Gejala yang paling sering terdapat adalah nyeri, terutama nyeri pada saat aktifitas,
adanya massa atau pembengkakan. Tidak jarang terdapat riwayat trauma, meskipun
peran trauma pada osteosarkoma tidaklah jelas. Fraktur patologis sangat jarang
terjadi, terkecuali pada osteosarkoma telangiectatic yang lebih sering terjadi
fraktur patologis. Nyeri pada ekstrimitas dapat menyebabkan kekakuan. Riwayat
pembengkakan dapat ada atau tidak, tergantung dari lokasi dan besar dari lesi.

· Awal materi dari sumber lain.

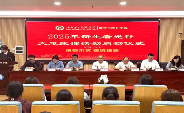 本网讯(通讯员范冰冰)为帮助新生熟悉光谷学习、生活场景,感受区域科创与发展活力,10月15日,数学与统计学院于十号楼二楼会议室开展2025年“新生看光谷”思政大课启动仪式。数学与统计学院党委书记林志红,党委副书记严国涛,学工办主任余江涛,全体辅导员,组织部全体成员,2025级新生参加本次启动仪式。
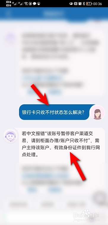 发送银行卡只收不付怎么解决,之后客服就会回复解决方法:需要持身份证到网点处理。
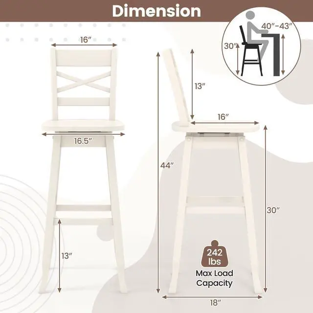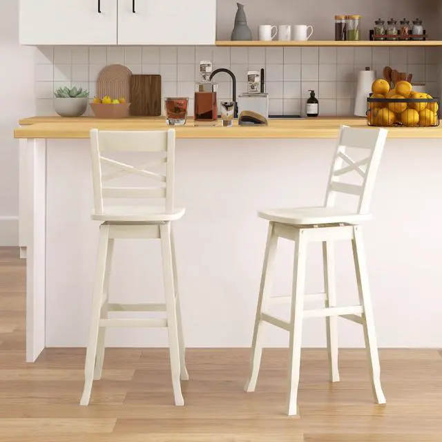 Rubber Wood Frame: Enjoy the outstanding sturdiness and stability that comes from natural rubber wood. Meanwhile, each bar stool contains additional crossbars, which work as added safeguards to reinforce the structure.
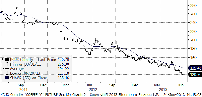 Kaffepriset har fallit ytterligare och har nu uppnått den storlek på prisfall som en nedgångsfas i kaffe brukar uppnå (-60%).
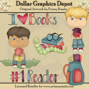 Esta colección incluye dos niños pequeños sosteniendo libros, cada uno con jeans azules, camisetas y zapatillas de deporte, en rojo, morado, azul y naranja, una pila de libros con un ratón de biblioteca y gafas para leer, una mochila con libros y un ratón de biblioteca mirando y dos coloridos gráficos de palabras: "I Love Books" y "#1 Reader". TENGA EN CUENTA: Este conjunto coordina con la colección "Bookworm Boys Backgrounds" . Este conjunto contiene 6 gráficos.
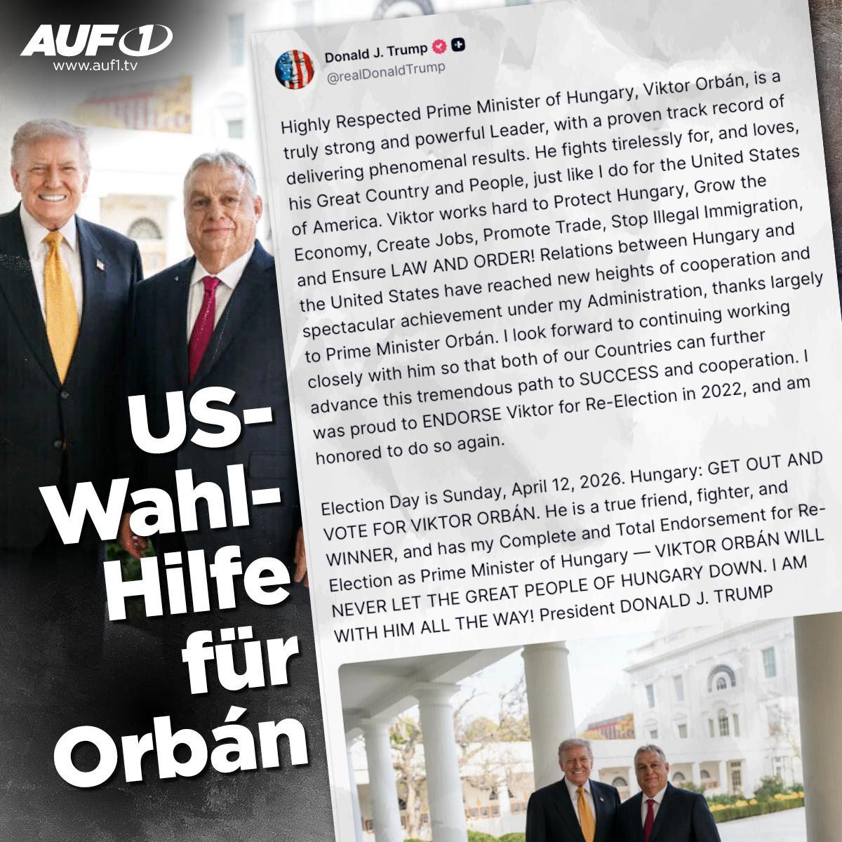 Wahl-Schützenhilfe bekommt Viktor Orbán nun auch von US-Präsident Donald Trump. Dieser postete auf seiner Social-Media-Plattform „Truth Social“ einen Wahlaufruf für den amtierenden ungarischen Premierminister Orbán: „Er ist ein wahrer Freund, Kämpfer und GEWINNER und hat meine vollständige und uneingeschränkte Unterstützung für die Wiederwahl zum Ministerpräsidenten von Ungarn“, schreibt Trump und fordert die Ungarn auf: „Geht hinaus und wählt Viktor Orban.“

Gejala sistemik, seperti demam atau keringat malam sangat jarang. Penyebaran
tumor pada paru-paru sangat jarang menyebabkan gejala respiratorik dan biasanya
menandakan keterlibatan paru yang luas.
Penemuan
pada pemeriksaan fisik biasanya terbatas pada tempat utama tumor :
1. Massa :
massa yang dapat dipalpasi dapat ada atau tidak, dapat nyeri tekan dan hangat
pada palpasi, meskipun gejala ini sukar dibedakan dengan osteomielitis. Pada
inspeksi dapat terlihat peningkatan vaskularitas pada kulit.
2.
Penurunan range
of motion : keterlibatan sendi dapat diperhatikan pada pemeriksaan fisik.
3. Lymphadenopathy
: keterlibatan kelenjar limfa merupakan hal yang sangat jarang terjadi.
G.
PEMERIKSAAN DIAGNOSTIK
a.
Laboratorium
Kebanyakan pemeriksaan laboratorium
yang digunakan berhubungan dengan penggunaan kemoterapi. Sangat penting untuk
mengetahui fungsi organ sebelum pemberian kemoterapi dan untuk memonitor fungsi
organ setelah kemoterapi. Pemeriksaan darah untuk kepentingan prognosa adalah lactic
dehydrogenase (LDH) dan alkaline phosphatase (ALP). Pasien dengan
peningkatan nilai ALP pada saat diagnosis mempunyai kemungkinan lebih besar
untuk mempunyai metastase pada paru. Pada pasien tanpa metastase, yang
mempunyai peningkatan nilai LDH kurang dapat menyembuh bila dibandingkan dengan
pasien yang mempunyai nilai LDH normal.
Beberapa pemeriksaan laboratorium
yang penting termasuk :
·
LDH
·
ALP (kepentingan prognostik)
·
Hitung darah lengkap
·
Hitung trombosit
·
Tes fungsi hati: Aspartate aminotransferase (AST),
alanine aminotransferase (ALT), bilirubin, dan albumin.
·
Elektrolit : Sodium, potassium, chloride, bicarbonate,
calcium, magnesium, phosphorus.
·
Tes fungsi ginjal: blood urea nitrogen (BUN),
creatinine.
·
Urinalisis
b.
Radiografi
Pemeriksaan X-ray
merupakan modalitas utama yang digunakan untuk investigasi. Ketika dicurigai
adanya osteosarkoma, MRI digunakan untuk menentukan distribusi tumor pada
tulang dan penyebaran pada jaringan lunak sekitarnya. CT kurang sensitf bila
dibandingkan dengan MRI untuk evaluasi lokal dari tumor namun dapat digunakan
untuk menentukan metastase pada paru-paru. Isotopic bone scanning secara umum
digunakan untuk mendeteksi metastase pada tulang atau tumor synchronous, tetapi
MRI seluruh tubuh dapat menggantikan bone scan.
1.
X-Ray
Foto polos merupakan hal yang
esensial dalam evaluasi pertama dari lesi tulang karena hasilnya dapat
memprediksi diagnosis dan penentuan pemeriksaan lebih jauh yang tepat. Gambaran
foto polos dapat bervariasi, tetapi kebanyakan menunjukkan campuran antara area
litik dan sklerotik. Sangat jarang hanya berupa lesi litik atau sklerotik. Lesi
terlihat agresif, dapat berupa moth eaten dengan tepi tidak jelas atau
kadangkala terdapat lubang kortikal multipel yang kecil. Setelah kemoterapi,
tulang disekelilingnya dapat membentuk tepi dengan batas jelas disekitar tumor.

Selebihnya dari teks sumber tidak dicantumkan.